For your second question, how long after you shut off Logstash did you take the screenshot? Because you have a 5m bucket_span, it might take 5-7 minutes for the ML cycle to complete and report on this last bucket. It's hard to tell when the screenshot was taken (clock time) with respect to the analysis time.

1 Like

Hi Rich,

Thank you for the reply ,
I have zoomed out yesterdays ML

image

and for the second one I have turned off the logstash for more than 30 minutes ,to see somethings happens in ml.

Thanks,
Raj

Hi Raj,

From the screenshot it looks like there wasn't enough data before you decided to try your test of turning off Logstash.

Here's what I suggest:

  1. Create a new job (can clone from this existing job to make it easier). Start the job starting now. In other words, avoid the times of past testing.
  2. Allow this new job to run for approximately 2-3 days in "real-time" mode (operating on live data)
  3. Then, attempt your experiment after those 2-3 days have passed.
1 Like

Hi Rich,

Thank you for reply ,will do the same and will let you know the output.

Raj

Raj - any update?

Hi Rich,

Thank you for the followup ,actually I tried to stop the logstash twice (yesterday and today) after running the job for one week,

Yesterday

Today

but am not sure whether it will be only warning or minor or it will change to critical.

Thanks in advance ,
Raj

Anomalies recorded will never be "upgraded" from minor to critical at a later time (however, the reverse is possible - an anomaly that once was critical may be edited later and be downgraded if something more unusual comes along later).

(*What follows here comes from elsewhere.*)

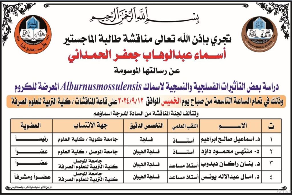 ترأس لجنة المناقشة الاستاذ الدكتور قيس إسماعيل ابراهيم وعضوية كل من الاستاذ مساعد الدكتور ايفان صبحي لطيف والاستاذ مساعد الدكتورة منى محسن محمد علي وباشراف وعضوية الاستاذ مساعد الدكتورة مهى صلاح يونس.

Keep in mind that the scores that you get in real-time are fully dependent on the past anomaly scores and past behavior. In other words, the first time you test a behavior, you might get a relatively high score. But, if you test that behavior again and again - you are forcing that behavior to look "normal", thus likely diminishing the score it receives each time it occurs. However, as more time goes by and more observations of the "actual normal" is observed by ML, then the a subsequent truly anomalous situation will again be scored higher.

2 Likes

Thank you rich for the reply :slight_smile: that sounds sensible.

1 Like

This topic was automatically closed 28 days after the last reply. New replies are no longer allowed.